Stravince il cinema indipendente, questa è la notizia. Birdman, The Grand Budapest Hotel e Whiplash nascono e crescono al di fuori dei grandi studios, e la loro vittoria conferma definitivamente la tendenza delineatasi già negli anni scorsi nell’Academy a premiare le produzioni indie. Anche perché quelle che un tempo si chiamavano majors ormai realizzano solo blockbuster super eroistici e cartoni in 3D, e, anche volendo, lì c’è poco da oscarizzare. Però stavolta manca il bersaglio pure il tycoon del cinema indie medio-grosso, l’Harvey Weinstein re dei film cosiddetti di qualità e insieme molto mainstream, anche troppo. Dopo aver piazzato agli Oscar negli anni scorsi cose e cosacce sopravvalutate come The Artist e Il discorso del re, stavolta con il mediocrissimo e a tratti orrendo The Imitation Game incassa solo quello per la migliore sceneggiatura non originale, e neanche così meritato. Il discorso dello sceneggiatore Graham Moore, che ha ricordato le sue sofferenza di ragazzo gay bullizzato e i suoi pensieri suicidi di allora, non può distorglierci dalla sostanza di uno screenplay per niente da premio. Come migliore attore avrei preferito il monumentale Michael Keaton al posto del pur bravo Eddie Redmayne, ma non mi scandalizzo. Redmayne (visto al Torino Film Festival lo scorso novembre dov’era venuto a presentare in anteprima La teoria del tutto) è persona amabile e squisita, oltre che un attor giovane di talento che nel suo Stephen Hawking butta dentro passione ed energia, dunque va (abbastanza) bene così, anche se temo che un Oscar sia un attimo prematuro e gli stia un po’ largo.
L’Oscar diffuso: tutti gli otto nominati nella categoria miglior film ne ottengono almeno uno, ed è la prima volta nella storia, come acutamente ha fatto notare IndieWire. Oltre ai tre big winner Birdman, The Grand Budapest Hotel e Whiplash, entrano nel palmarès Boyhood (attrice non protagonista), La teoria del tutto (attore protagonista), The Imitation Game (sceneggiatura non originale), American Sniper (Sound Editing), Selma (canzone originale).
Ida vince come migliore film straniero, come largamente atteso. Impressionante il cursus honorum del film polacco (in realtà con dentro parecchio di britannico, a partire dai capitali, e dal suo regista Pawlikowski residente in GB), dalla vittoria nell’autunno 2013 al Festival di Londra – ancora mi chiedo come mai Venezia solo poche settimane prima non l’avesse intercettato e messo in programma – fino a questo Oscar, e in mezzo una quantità di premi impressionante.

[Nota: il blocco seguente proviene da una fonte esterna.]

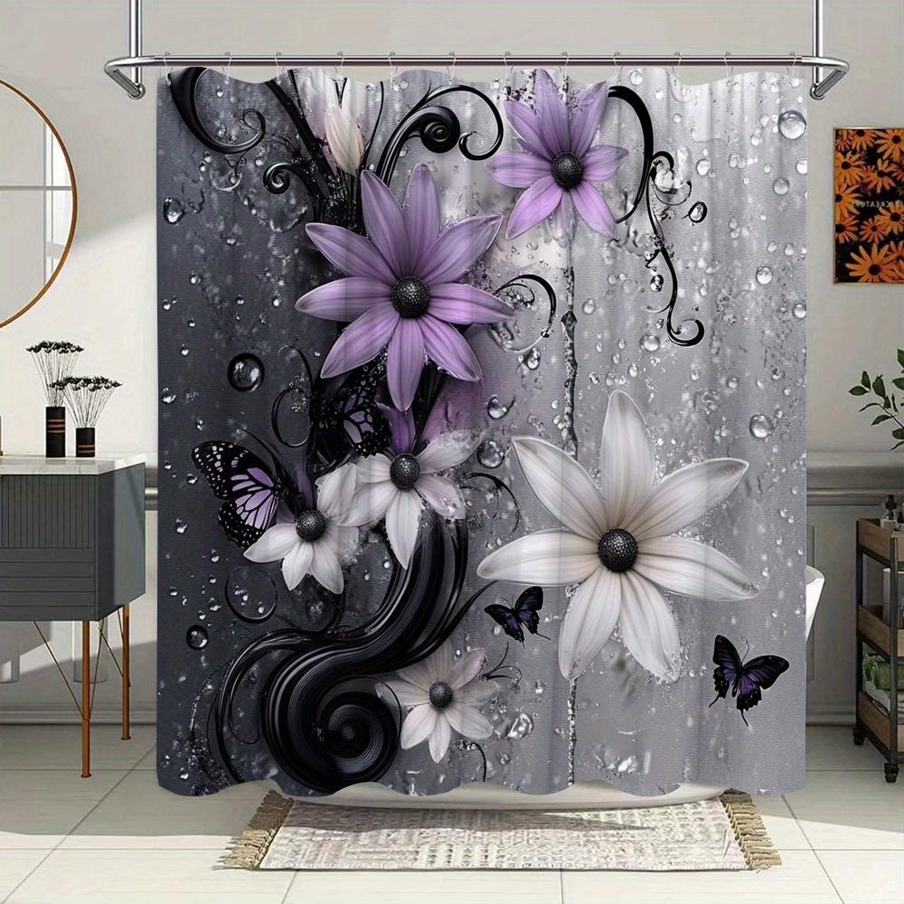 Fantasy Floral Shower Curtain - Lavender & White Flowers, Purple & Black Butterflies, Metallic Silver Background, Polyester,
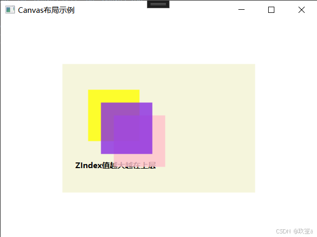 <TextBlock Canvas.Left="20" Canvas.Top="150" Text="ZIndex值越大越在上层" FontWeight="Bold"/>
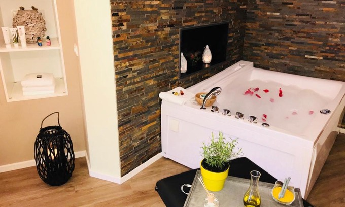 BathroomShower, Toilet, Hairdryer, Bathtub or shower, Spa tub, Private bathroom, Toilet paper, Towels, Walk-in shower, Guest bathroomGeneralTile/Marble floor, Smoke Alarm, Iron, Safe, Heating, Ironing facilities, Key access, Private entrance, Trash cansMedia & TechnologyFlat-screen TV, Radio, TV, Satellite channelsActivitiesHot tub, SaunaKitchenDishwasher, Wine glasses, Kitchenette, Oven, Kitchenware, Electric kettle, Dryer, Coffee machine, High chair, Washing machine, Stovetop, Dining table, Toaster, Kitchen, Microwave, RefrigeratorOutdoorsBarbecue, Balcony, Outdoor furniture, Outdoor dining area, TerraceLiving AreaDining area, Sofa, Sitting areaViewGarden view, View, Inner courtyard viewBedroomWardrobe or closet, Childrens' cribs, LinensAccessibilityRoll-in shower, Upper floors accessible by stairs onlyBuilding CharacteristicsDetachedRoom AmenitiesSocket near the bed, Drying rack for clothing, Feather pillowEntertainment & Family ServicesChild safety socket covers, Baby safety gatesLayoutWindow |

Avrei preferito vincesse il russo Leviathan, ma devo ammettere che Ida ha tutte le qualità del perfetto film da Oscar e da festival, a partire da un autorialissimo b/n molto cinema engagé anni Sessanta. Gli si deve pure riconoscere una carica autenticamente disturbante, con quella sua critica alla Polonia oscuramente antisemita, che lo salva dall’essere un prodotto di maniera. Alexandre Desplat dopo infinite nominations mai concretizzate in Oscar, finalmente stavolta ne agguanta uno per la musica di The Grand Budapest Hotel. Aveva avuto la nomination anche per The Imitation Game, era impossibile che con due slot occupati la statua gli sfuggisse. Chissà se, assistendo al trionfo di Birdman, si sarà ricordato dello scorso festival di Venezia, dove la giuria da lui presieduta aveva snobbato il film di Iñarritu mandandolo scandalosamente a casa con zero premi. Comunque, tutto è bene quel che finisce in Oscar, e allora viva Venezia, che bene o male (più male che bene) ha lanciato Birdman scegliendolo come film di apertura e ha avuto occhio nel chiamare come primo giurato Desplat. Già, dimenticavo Julianne Moore. Il suo Oscar come migliore attrice era così scontato da rischiare di essere una non-notizia.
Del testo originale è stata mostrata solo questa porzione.